Restate word for word the lines below that run from the one holding "Ali, bar su" through the one holding "Kiwi obrać i", inclusive. Pictures don't belong in the copy.

[Task data — start]

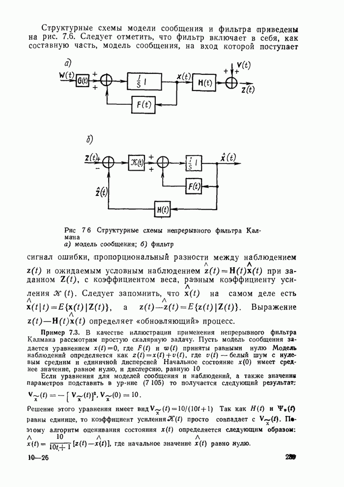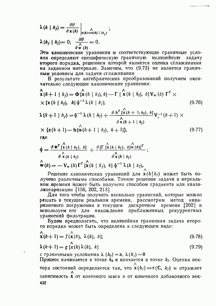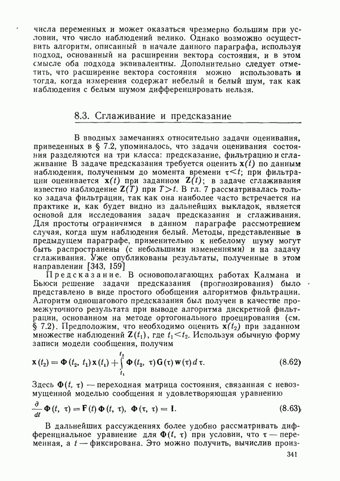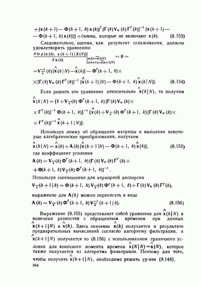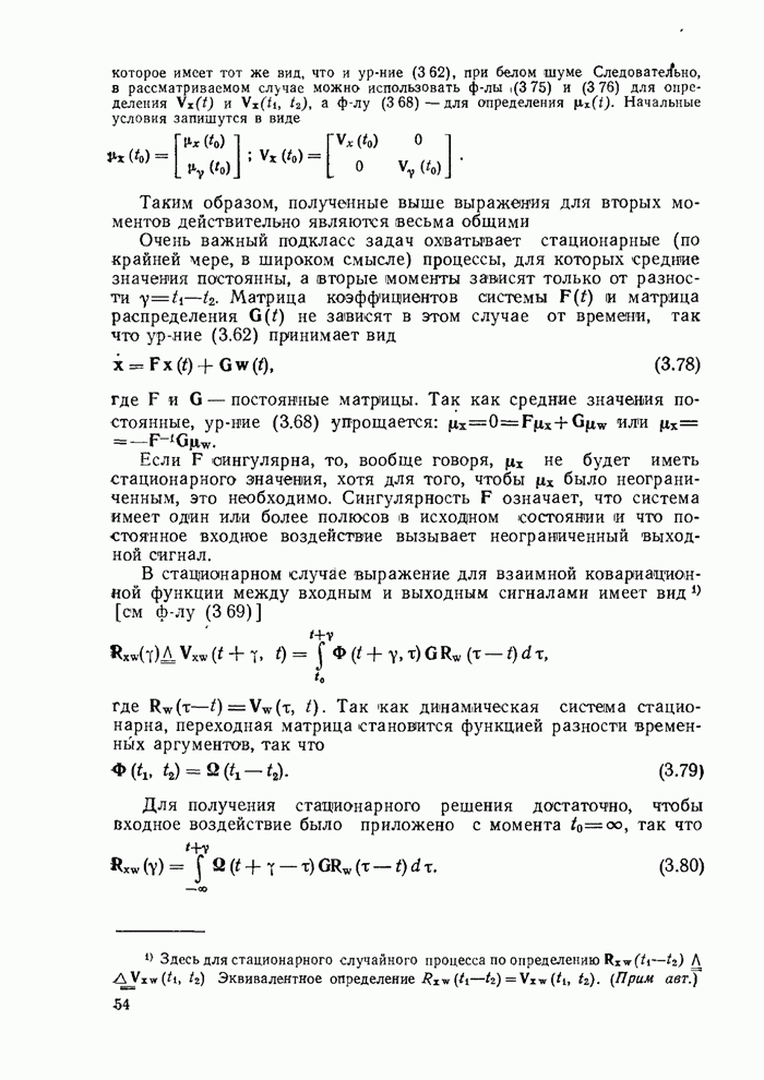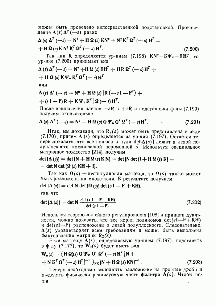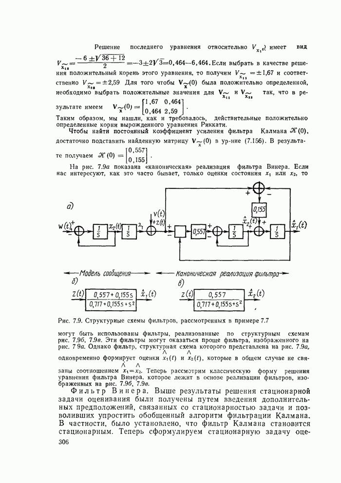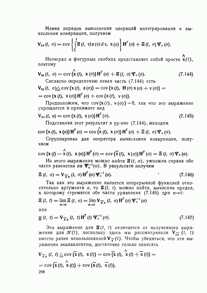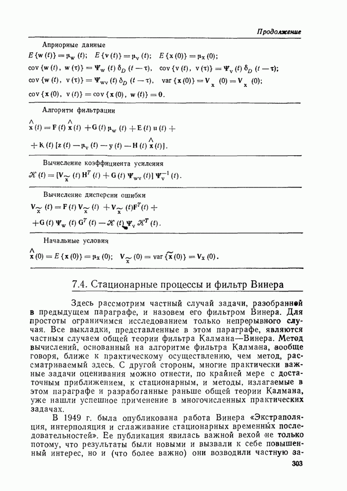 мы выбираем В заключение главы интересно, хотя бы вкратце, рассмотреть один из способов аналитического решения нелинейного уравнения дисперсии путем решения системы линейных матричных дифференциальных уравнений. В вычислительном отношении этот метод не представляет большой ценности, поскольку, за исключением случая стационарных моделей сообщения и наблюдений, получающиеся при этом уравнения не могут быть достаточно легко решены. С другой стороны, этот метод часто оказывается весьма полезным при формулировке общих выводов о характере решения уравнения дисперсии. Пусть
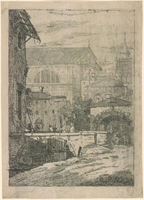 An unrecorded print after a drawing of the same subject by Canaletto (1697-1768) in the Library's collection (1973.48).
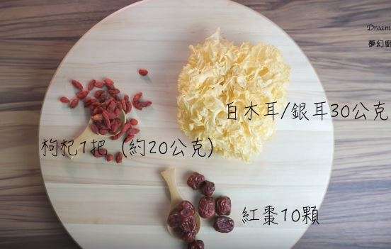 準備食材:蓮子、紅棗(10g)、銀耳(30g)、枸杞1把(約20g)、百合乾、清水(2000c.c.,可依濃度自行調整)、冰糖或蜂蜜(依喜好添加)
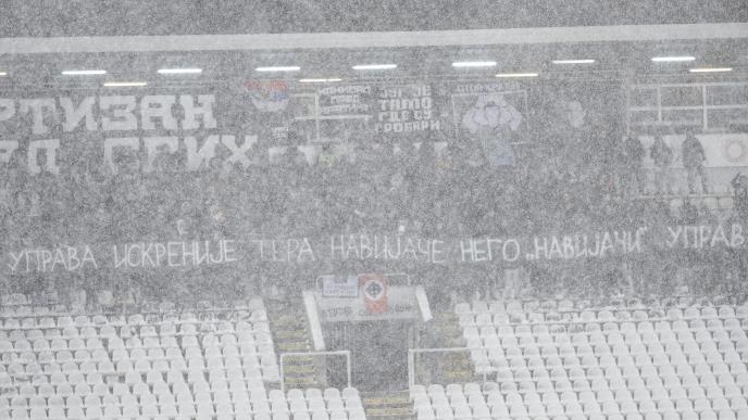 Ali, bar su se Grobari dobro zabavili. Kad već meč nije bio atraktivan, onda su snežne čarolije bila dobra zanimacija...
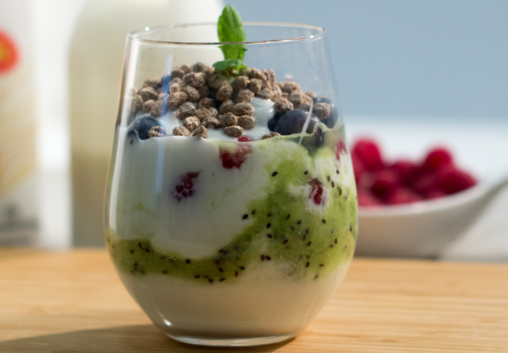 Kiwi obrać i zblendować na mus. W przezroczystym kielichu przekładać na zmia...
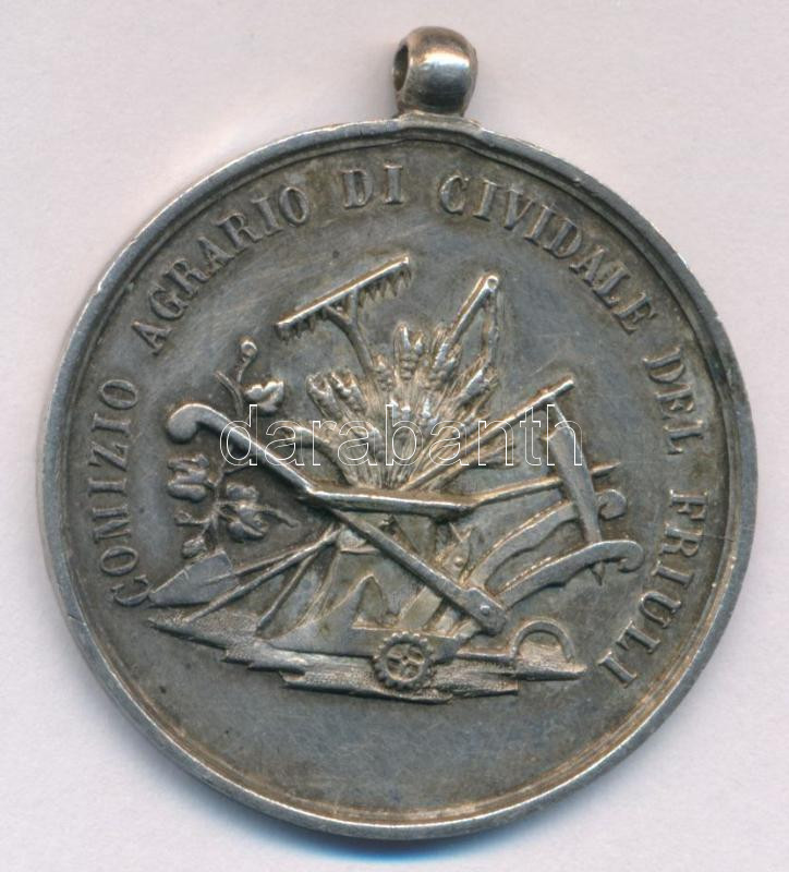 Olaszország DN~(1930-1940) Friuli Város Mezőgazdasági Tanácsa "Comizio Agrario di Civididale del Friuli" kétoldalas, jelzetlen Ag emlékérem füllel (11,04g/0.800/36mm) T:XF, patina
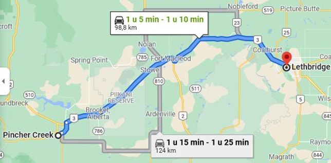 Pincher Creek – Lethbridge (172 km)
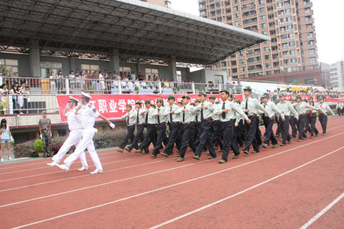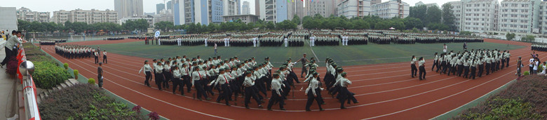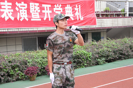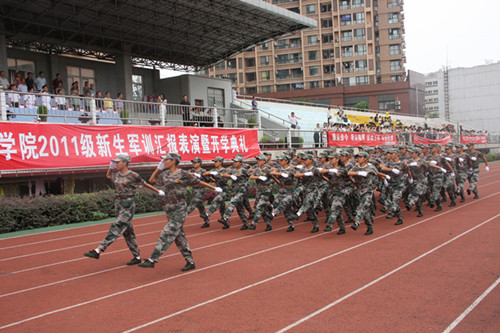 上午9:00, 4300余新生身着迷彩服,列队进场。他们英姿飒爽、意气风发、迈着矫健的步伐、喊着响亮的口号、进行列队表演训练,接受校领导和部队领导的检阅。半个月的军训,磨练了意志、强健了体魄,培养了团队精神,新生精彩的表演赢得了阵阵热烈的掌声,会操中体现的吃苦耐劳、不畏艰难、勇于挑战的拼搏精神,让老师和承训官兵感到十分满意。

[Task data — finish]

→ **Task output**
 Ali, bar su se Grobari dobro zabavili. Kad već meč nije bio atraktivan, onda su snežne čarolije bila dobra zanimacija...
 Kiwi obrać i zblendować na mus. W przezroczystym kielichu przekładać na zmia...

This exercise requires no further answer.